No, fresh food is not healthier than frozen food.

After all, are vegetables healthier when fresh or frozen? In social networks, there are still publications about doubts on this topic.

“I was very surprised by the story of frozen food. I always thought that frozen vegetables lose nutrients, but that doesn’t seem to be true,” says a Twitter user, citing a BBC News Brazil article. To that tweet another netizen replies, “I thought so too. There was always this “frozen is always worse” thing.

Are there any significant nutritional differences between frozen and fresh foods?

BUT nutritionist Helena Trigueiro assures Viral that “no, frozen food have no nutritional value only because they are not “fresh”. The truth is that the characteristics that make food more or less healthy do not change drastically when frozen, although their texture and consistency may undergo some changes when thawed. “Of course, the content of some micronutrients, such as water-soluble vitamins, can be changed, but studies have not given clear results, and the results vary, and this slight variation will never make a frozen vegetable a “bad” food,” the researcher emphasizes. researcher and student at the University of Ulster.

“Of course, the content of some micronutrients, such as water-soluble vitamins, can be changed, but studies have not come up with clear results, results vary, and this small change will never make a frozen vegetable a “bad” food.”

Helena Trigueiro points out that microbiological risks are often associated with frozen vegetables, but the truth is that there are other microbiological risks associated with fresh produce. Thus, the question is not how vegetables are preserved, but are food security conditions ensured Or no.

Speaking of vegetables only, “frozen options are usually cheaper and no less nutritious, and the vegetable is usually frozen at its peak of maturity. In addition, frozen versions may benefit food waste reductionin case of excess leftovers or difficulties in planning the consumption of vegetables, ”explains the nutritionist.

The researcher states that “it is important that you eat them. Whether fresh or frozen, it is important that the products are safe. What matters is that ensure consumption from this often overlooked food group.”

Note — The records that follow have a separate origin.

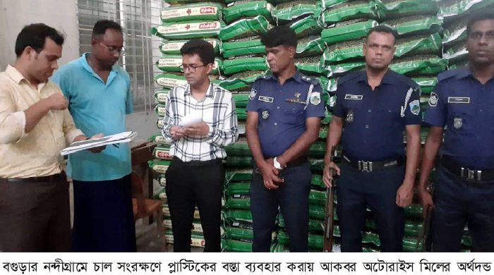 নন্দীগ্রামে রাইস মিলে প্লাস্টিকের বস্তায় চাল সংরক্ষণে জরিমানা
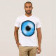 Realmente se tiene la sensación con este globo ocular azul de que te mira directamente. Este diseño de ojos azules es una bonita sombra de azul y tiene un alumno negro profundo. Este diseño de ojos azules se ve genial en esta camiseta masculina. Perfecto para usted o como regalo
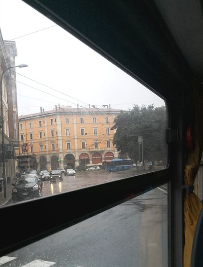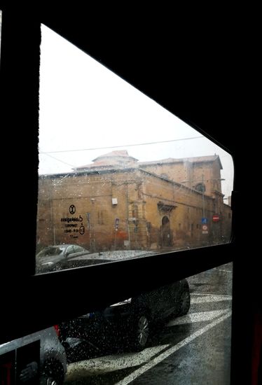 Nach der Besichtigung warten wir draußen auf unseren Bus. Leider hat man keine Aussicht von dem Hügel auf die Stadt Bologna. Es regnet stark und zudem ist es sehr nebelig. Schade.
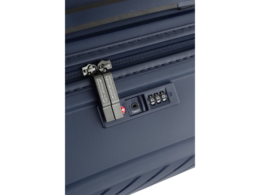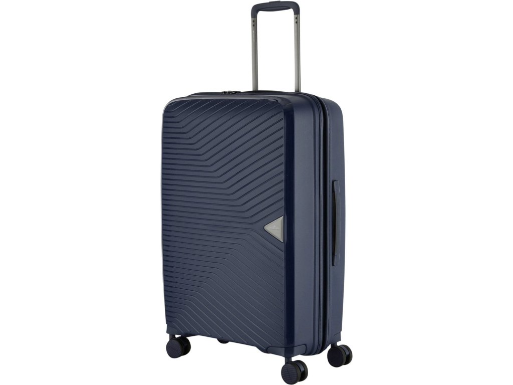 čistě elegantní plastový kufr 67 cm holandské značky march v tmavší modré barvě linie gotthard s prolisy proužky.
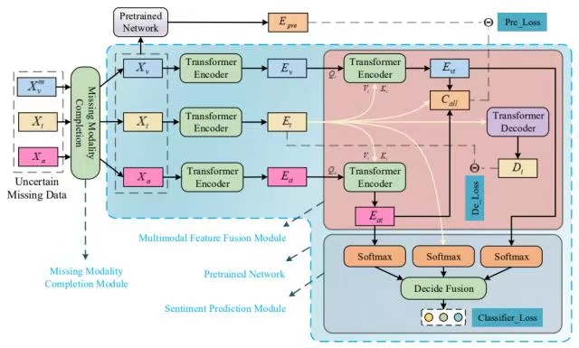 SMCMSA模型构建了全模态样本数据库,使用预训练的单模态情感分析模型对样本数据进行情感标签预测,通过设计两个独立的相似模态补全策略对缺失模态进行补全。对于补全后的数据,利用Transformer的Encoder模块对文本、视频和音频模态进行编码,并在预训练模型指导下进行模态融合,提升表示质量,并运用基于决策级融合策略得到最终的识别结果。目前,该模型的情绪识别准确度处于领先水平。该研究工作得到了国家自然科学基金项目、山东省自然科学基金重点项目、山东省泰山特聘学者项目、澳大利亚研究理事会(ARC)未来奖学金和发现项目的支持。
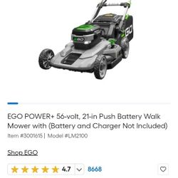 EGO POWER+ 56-volt, 21-in Push Battery Walk Mower with (Battery and Charger Not Included)$200Fresno, CA
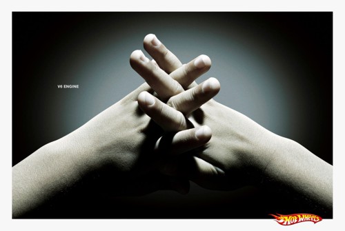 Hot Wheels: двигатель V6 просто и доступноНа рекламных плакатах Hot Wheels от агентства Ogilvy мы наблюдаем детские руки, сложенные по форме, которая напоминает двигатель V6. Таким образом, Ogilvy говорит о том, что продукция под брендом Hot Wheels помогает вашему ребенку не только интересно провести время, но и обучает его. Тэглайн: Двигатель V6 Агентство: Ogilvy Budapest, Hungary Копирайтер: Gabor Spielmann Арт директор: Bruno Almeida Фотограф: Artluzstudio |

“Frozen varieties are usually cheaper and just as nutritious, and the vegetable is usually frozen at its peak. In addition, frozen versions may benefit in terms of reduced food waste, in case of excess leftovers or difficulties in planning vegetable consumption.”

As for other types of food that are often sold in supermarkets in the frozen food section (such as hamburgers or breaded foods), Trigueiro explains that the difference between freshly cooked and frozen will be nutritional composition each, but not whether they are frozen or not. This means that freezing these foods does not make them more or less healthy.

Making a hamburger with ingredients that are under the control of the person who makes them, simpler and with better quality meat will be healthier than eating most frozen hamburgers. Why? “the difference is in the composition, not in the freezing“, confirms the nutritionist.

Once the product is frozen, it must be kept chilled and/or frozen. In addition, it is necessary indicate the date when the product was frozento first consume frozen foods over a longer period of time. “We need to pay attention to how we freeze and defrost food,” warns Helena Trigueiro.

“We need to pay attention to how we freeze and defrost food,” warns Helena Trigueiro.

Dietitian repeats recommendations Department of Food and Economic Security (ASAE), which recommends that refrigerators should always around 4ºC, since many microorganisms have a “minimum growth temperature of 6 to 10ºC”. This “means that if the refrigerator temperature is allowed to rise above the recommended temperature, conditions can be created for the growth of these microorganisms or the production of their toxins,” emphasizes ASAE.

In addition, it is still recommended, among other things, that:

– O refrigerator should always be clean“because any leftover food can serve as a breeding ground for micro-organisms”;

– When buying food, it must be store in the refrigerator as soon as possibleto prevent their exposure to temperatures conducive to the development of microorganisms;

– Never whether to freeze food, since when defrosting a product in which a bacterium is present, the temperature will rise, entering the temperature range suitable for its reproduction. “If you refreeze food, you might have, for example, 600 bacteria instead of the 10 that might have originally existed.” Re-freezing will provide conditions for these bacteria to re-grow to make food poisoning almost inevitable;

– Should”defrost food quickly at high temperatures (for example, under running water or in a microwave oven) or defrost without refrigeration“.